Watch Your Words: Poor Language Choices Can Affect Health Care Outcomes

March 16, 2023

By Sue Campbell, freelance health care writer and editor

Stigmatizing words in health care

There’s been plenty of advice through the ages about choosing words wisely. Contemporary health care professionals take heed, as research shows disturbing outcomes can stem from outdated, confusing or careless use of language in the field. One area known for stigmatizing language that can both dehumanize and deter patients seeking treatment: addiction medicine.

A 2022 Stat article asked who is more likely to get better care: an addict, or a person with substance use disorder? In the midst of a national crisis with 200,000 people a year losing their lives to drugs and alcohol, the article argues for looking hard at negative language. Calling someone a “junkie” or “druggie” could be humiliating enough to prevent that person from seeking help. Even the terms “addict” and “alcoholic” tend to reduce people to their disease. The implication that a moral failing rather than a disease, is behind a “drug abuser’s” problem—that it’s their fault—could deter health professionals from offering treatment. Even with heightened awareness, stigmatizing language persists. Government agencies tasked with better understanding substance-use disorders use this type of offending language. Case in point: National Institute on Drug Abuse and the National Institute on Alcohol Abuse and Alcoholism.

Change can happen, however. In 2013, the federal government issued a memo for its agencies to switch from using “mental retardation” to “intellectual disability.” Slowly, the more accurate, less hurtful descriptor took hold. Disability advocates, too, have worked to stop usage of words like “special needs” and “differently abled,” pointing out that the preferred terms are “disabled person” or “person with disabilities.” 
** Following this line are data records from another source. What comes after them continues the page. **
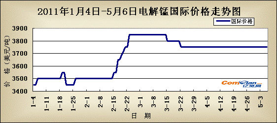 国际市场:随着国内电解锰市场疲软不前,国际市场较稳。目前澳洲市场FOB价格为3430-3530美元/吨,亚洲地区FOB价格为3600-3700美元/吨。近期锰桃出口征收20%出口关税,势必会对后市电解锰出口量造成重创。
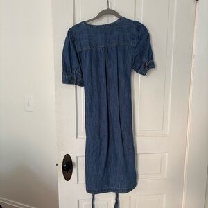 Stylish denim midi dress with short sleeves. Features a flattering tie waist. Perfect for casual outings.
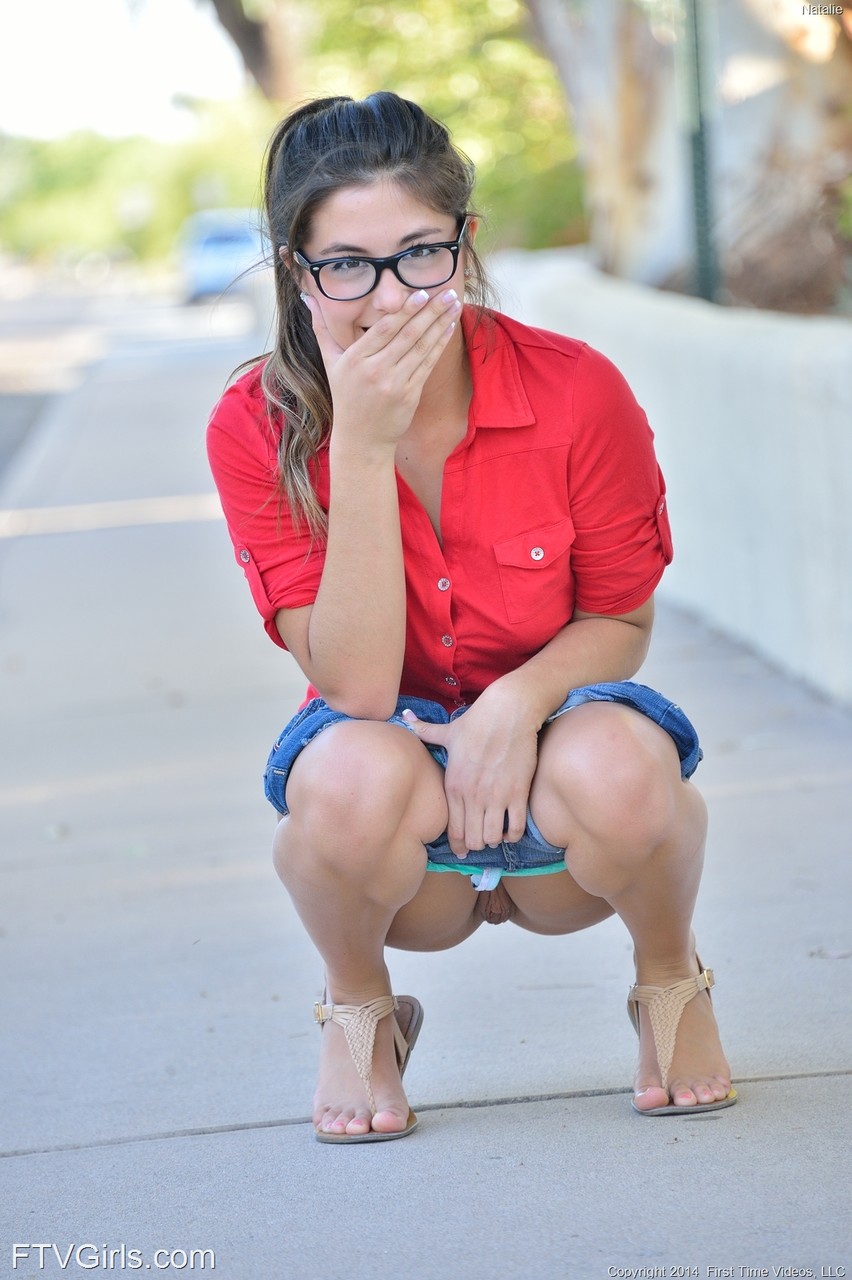 This gallery contains 20 high-quality images featuring Sexy babe in glasses Natalie fingering herself after getting dirty in public. Browse this Teen gallery featuring Natalie Monroe.
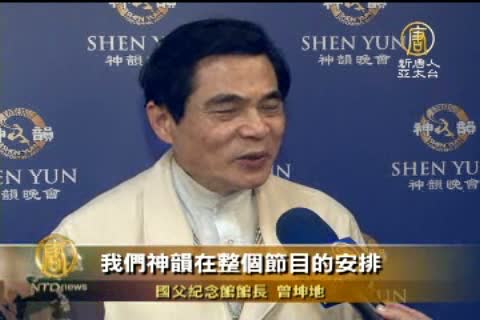 【新唐人亞太台2012年3月25日訊】來看到神韻藝術團演出的最新消息。美國神韻紐約藝術團連續三年在台北國父紀念館演出,3月23日晚間,國父紀念館館長曾坤地觀賞了神韻晚會,他說,接任館長以來,忙於公務,直到今年才真正看到神韻,他對於神韻發揚正統中華文化的精神非常支持,也希望未來神韻到台北,能繼續在國父紀念館與台北的觀眾見面。
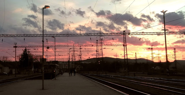 | A végére egy kép másnap estéről: naplemente a veszprémi vasútállomáson |
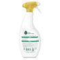 A white Seventh Generation Tub & Tile Cleaner spray bottle with a yellow nozzle and a green label decorated with leaves and lemon slices.
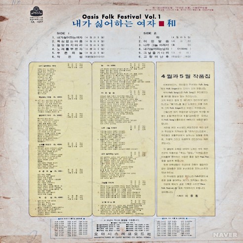 1972년 오아시스레코드는 백순진과 이수만이 결성한 인기 남성 듀오 4월과5월의 데뷔 앨범을 발매했다. 타이틀곡 <내가 싫어하는 여자>, <화> 등 4월과5월의 노래는 정식 스튜디오에서 녹음한 게 아니라 방송용으로 녹음한 음원이라 음질이 열악한 편이었다. 사람들이 꺼리는 숫자 ‘4’를 팀 이름에 넣었듯, 이들은 음반도 4월 4일에 발매했다. 이 앨범은 1960~1970년대의 인기 DJ 이종환이 기획한 ‘오아시스 포크 페스티발’ 시리즈 음반의 첫 음반이다. 앨범 커버는 4월과5월이 장식했지만 실제로는 쉐그린, 홍민, 챰스, 이수미, 최병결과 안혜경 등이 부른 12곡을 수록된 컴필레이션 음반이었다.

As advocate Kelsey Lindell wrote in a recent Star Tribune article, even well-intentioned people use euphemisms “because they are uncomfortable saying someone is disabled because they view disability as a bad thing. Disability is not a bad thing, it’s a part of who we are. Removing the stigma from the word and seeing it as a descriptor helps the fight for equity between disabled and non-disabled people.”

Negative language in medical records can lead to disparities

Equitable treatment is at the heart of another area for care teams to examine word choice, and that is how they talk about their patients in medical records. A study published in JAMA in 2021 pointed to paternalistic and stigmatizing language. A review of 600 encounter notes by 138 physicians categorized ways they expressed positive feelings, but also negative ones including disapproval, discrediting and stereotyping.

“Negative attitudes toward patients can adversely impact health care quality and contribute to health disparities,” the authors wrote, pointing to other research that has shown a patient’s age, race, class, obesity or substance abuse often means they won’t be treated equally in the U.S. health care system. “Stigmatizing language written in a patient’s medical record can perpetuate negative attitudes and influence decision-making of clinicians subsequently caring for that patient,” the authors said.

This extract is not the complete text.